We also need a little help from Atlanta tonight. If they can trip up Boston like they did to us that will make me feel better. This is going to be close all year long.


----------



## Benedict_Boozer (Jul 16, 2004)

Looking forward to this one, even if Z doesn't play


----------



## Benedict_Boozer (Jul 16, 2004)

Bron fouled on the drive with no call - still converts

Minnesota hitting jumpers early


----------



## Benedict_Boozer (Jul 16, 2004)

Mike Miller torching Delonte early


----------



## Benedict_Boozer (Jul 16, 2004)

Cavs bricking FT's


----------



## UrFavTeamSux (Jan 17, 2007)

Is mike miller still a possibility? I'd love to pick up this guy.

LeBron came to play


----------



## hendrix2430 (Mar 21, 2005)

I hope Delonte gets an earful from coach Brown for throwing up that backboard pass. :azdaja:

Looking very average so far, except Lebron of course, who is having a nice all around game. His defense has been very very good.


----------



## hendrix2430 (Mar 21, 2005)

Jesus Delonte, WTF was that!


----------



## Benedict_Boozer (Jul 16, 2004)

Lebron looked razor sharp in the 1st half - everyone else was OK

Need to put this team away in the 3rd


----------



## Benedict_Boozer (Jul 16, 2004)

LBJ is rollin big time tonight


----------



## Benedict_Boozer (Jul 16, 2004)

Damn Boston won again. 16 straight for them..

Cavs up 13 with 8 mins left.
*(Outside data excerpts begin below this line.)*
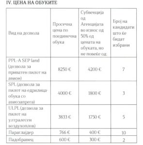 Директорот на АЦВ, Драги Стојаноски, вели дека финансирањето ќе опфати обуки на седум кандидати за стекнување дозвола за пилот на авион, на тројца кандидати за стекнување дозвола за пилот на едрилица, на пет кандидати за стекнување дозвола за пилот на ултралесни авиони, на 10 кандидати за стекнување на дозвола за пилот на параглајдер и на кандидати за стекнување на дозвола за падобранец.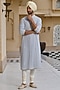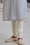 Featuring a powder blue kurta in georgette base with chikankari, french knot and pearl embroidery. It is paired with poplin lycra churidar pants. Style it with a pair of kolhapuris and a bracelet for daytime festivals, family get-togethers or pooja ceremonies.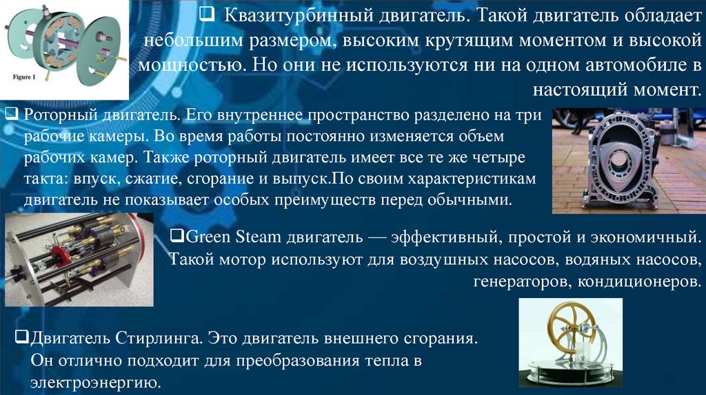 Квазитурбинный двигатель. Такой двигатель обладаетнебольшим размером, высоким крутящим моментом и высокой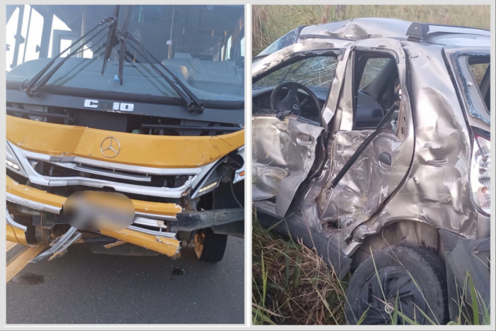 Colisão envolveu veículo escolar e carro. Condutor e passageiro de automóvel foram hospitalizados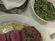 ルースズクリスは2回目の訪問でした。前回トマホークステーキをいただきましたが、今回私はフィレミニョン、夫はプチフィレとシュリンプを選択、サラダとスープ1つづつ、前菜はマッシュルームのクラブミート詰め、サイドがライス、クリームスピナッチ、マッシュポテトから選べたと思います。パンはサービスで付いていて、パンに塗るホイップバターが美味しかったです。 すべて美味しかったのですが、ステーキが柔らかくてジュー
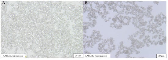 The morphology of AASLMs’ dispersion before freeze-drying, and the redispersion of the dried powder, is shown in Figure 1. The results reveal that the AASLM dispersion exhibited an irregular shape with a size of 20 µm both before freeze-drying and after redispersion of the dried powder.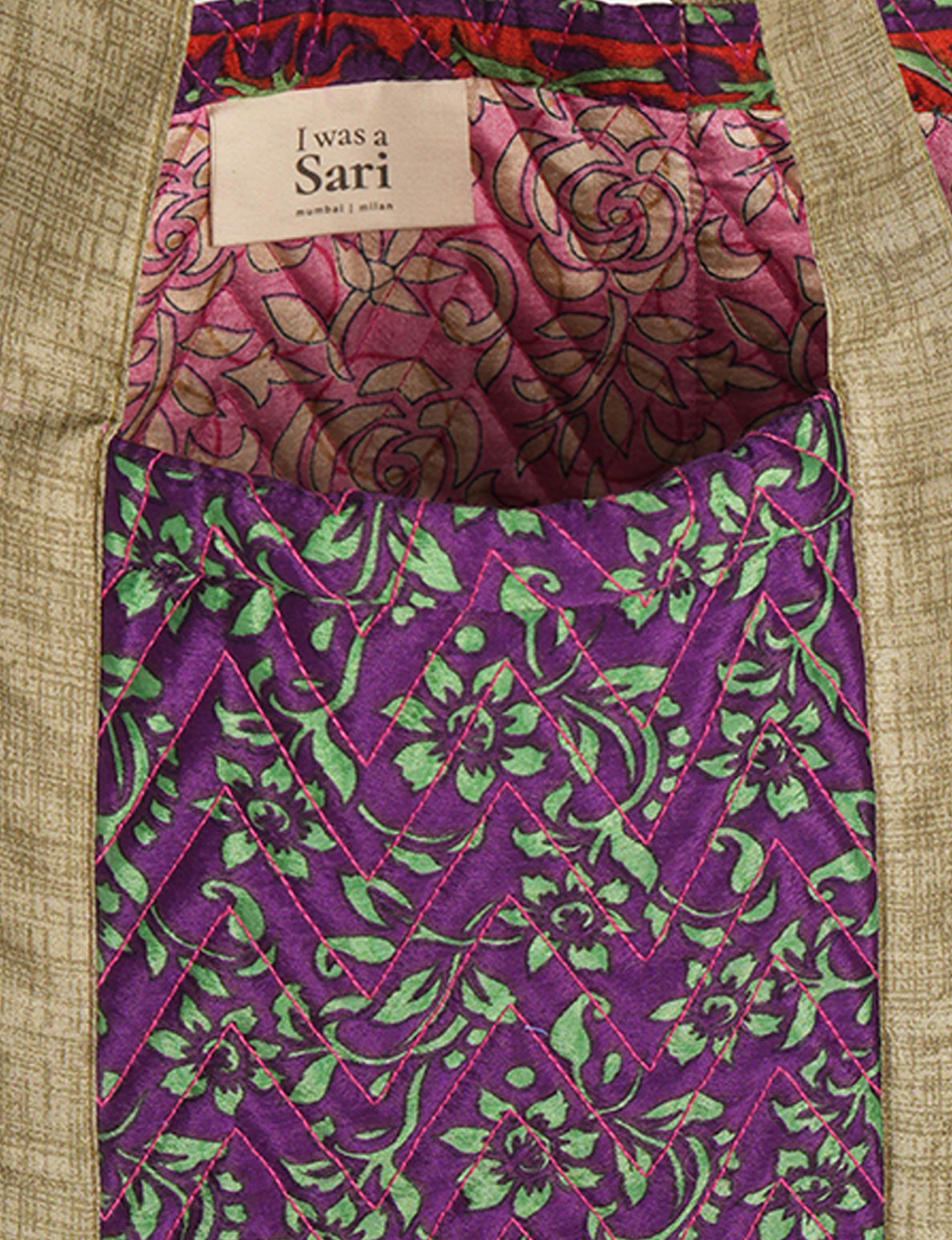 I'm not made from virgin fabrics and dyes, so my carbon footprint, pollution and water usage is way lower than other products. Instead, I'm made with circular production methods, from waste fabric which already existed. I turned into an I was a Sari instead of becoming landfill. Now I'm looking forward to my second life, maybe with you.

Playing well down the stretch


----------



## remy23 (Aug 15, 2002)

LeBron was given a standing ovation and it was nice that he acknowledged it. Great play by James in terms of passing and scoring down the stretch.


----------



## remy23 (Aug 15, 2002)

Hickson played well in garbage time. Book this one to the Cavaliers!


----------